Arriving at a decision at the end of all survey rounds is necessary, but it is not always possible to elicit the desired consensus among stakeholders on complex topics. This means that some method must be applied in which a decision can be made after the final Delphi round, even if a pre-defined threshold of consensus (e.g. agreement of 75% or higher) has not been reached. The chosen voting scheme and analysis approach can influence the results, making it critical to understand and select this approach carefully prior to conducting the study. Moreover, efforts have been made to reduce cognitive biases within future-oriented Delphi studies by adapting specific Delphi design features (Winkler & Moser, 2016). However, to the best of our knowledge, there is no guidance on this in the literature, although there are calls for improving the clarification around the methodological approaches to Delphi studies (Markmann, Spickermann, von der Gracht, & Brem, 2021; Niederberger & Spranger, 2020). Therefore, this methodological insight aims to address this gap by showing how researchers who intend to conduct a Delphi study can apply methods from social choice theory to inform their selection of a voting scheme. The voting scheme and analysis technique form an important bridge between the qualitative input we derived from the interviews and the need to objectively weigh individual preferences where can be only one final option. In our case, that included, for example, to decide in which location the intervention should be delivered. Therefore, our paper aims to contribute to the research of mixed methods design in Delphi studies. To this end, we introduce different voting schemes and considerations for choosing the most appropriate approach for individual Delphi studies.
Discussion
Deciding on the Voting Scheme
Using an arbitrary voting example, Nurmi (2012) demonstrated that the same sample of participants would come to different results each time without changing their preference, depending on the voting scheme and the analysis technique applied.

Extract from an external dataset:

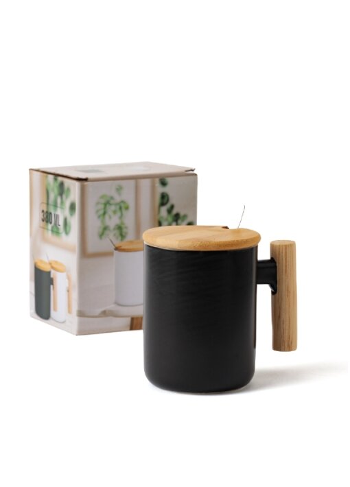 כוס פורצלן עם גימור במבוק, מכסה וכפית נירוסטה 380 מ”ל

To understand the reason behind this, some key concepts from social choice theory need to be understood. On the one hand, there is the aim to aggregate participants’ highest preferences towards available options. An appropriate collective choice should thus be based on agreement. On the other hand, there is a concept of reducing “avoidable unhappiness” (Smith, 2005a). This means that besides looking at participants’ preferred options, the disagreement or lower preference around other options should also be considered. To manage the tension between aggregated preferences and reducing avoidable unhappiness, social choice theory aims to reveal the deeper preference structure of participants, to obtain the most accurate and comprehensive insight into participants’ preferences as possible (Faliszewski et al., 2017). Another aspect to consider when finding an appropriate voting scheme is the aim to inhibit strategic voting as much as possible. Strategic voting is insincere voting that does not follow an individual’s genuine preference structure. Instead, participants might disregard certain options that they would otherwise select, in order to give other promising options an advantage.

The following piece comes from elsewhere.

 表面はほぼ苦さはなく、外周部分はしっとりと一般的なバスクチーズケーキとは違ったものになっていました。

In the following sections, we provide an overview of four different voting schemes derived from social choice theory that could be used within the scope of a Delphi study: (1) majority voting, (2) approval voting, (3) Borda voting, and (4) range voting. Advantages and disadvantages for each of the four voting schemes are discussed. We follow each description with an example based on our Delphi study, which aimed to determine contextual factors for a heart failure self-care intervention, in order to demonstrate that different voting schemes lead to different outcomes. In the fictitious example provided, ten participants were asked to rank the primary location (from most preferred to least preferred) where the intervention should be delivered (Whittal et al., 2021). Each example uses the same number of participants and preferences for the delivery location, with the only difference being the type of voting scheme applied.
Majority Voting
The most commonly used voting scheme is the majority vote, also known as ‘plurality’ vote. In majority voting, each participant selects their most preferred option out of all given options. By aggregating these votes, the winner option is determined as that which received the majority of the votes (Faliszewski et al., 2017; Szpiro, 2010). That means, however, that researchers do not obtain any further insights into participants’ deeper preference structures, i.e., no understanding is acquired of participants’ preferences besides their most preferred option. As a result, majority voting can be prone to avoidable unhappiness. Strategic voting is also a risk; participants might select an option other than their true preference if they suspect that the selected option might be popular among other participants. Ideally, reaching consensus among stakeholders should not only be based on measuring the highest agreement towards a preferred option, but also by reducing the avoidable unhappiness of participants (Nurmi, 2012). In the case of a majority vote, where participants select one option and the option with the most votes wins, avoidable unhappiness cannot be prevented because only the surface of the participants’ deeper preference structure is visible (Nurmi, 2012; Szpiro, 2010).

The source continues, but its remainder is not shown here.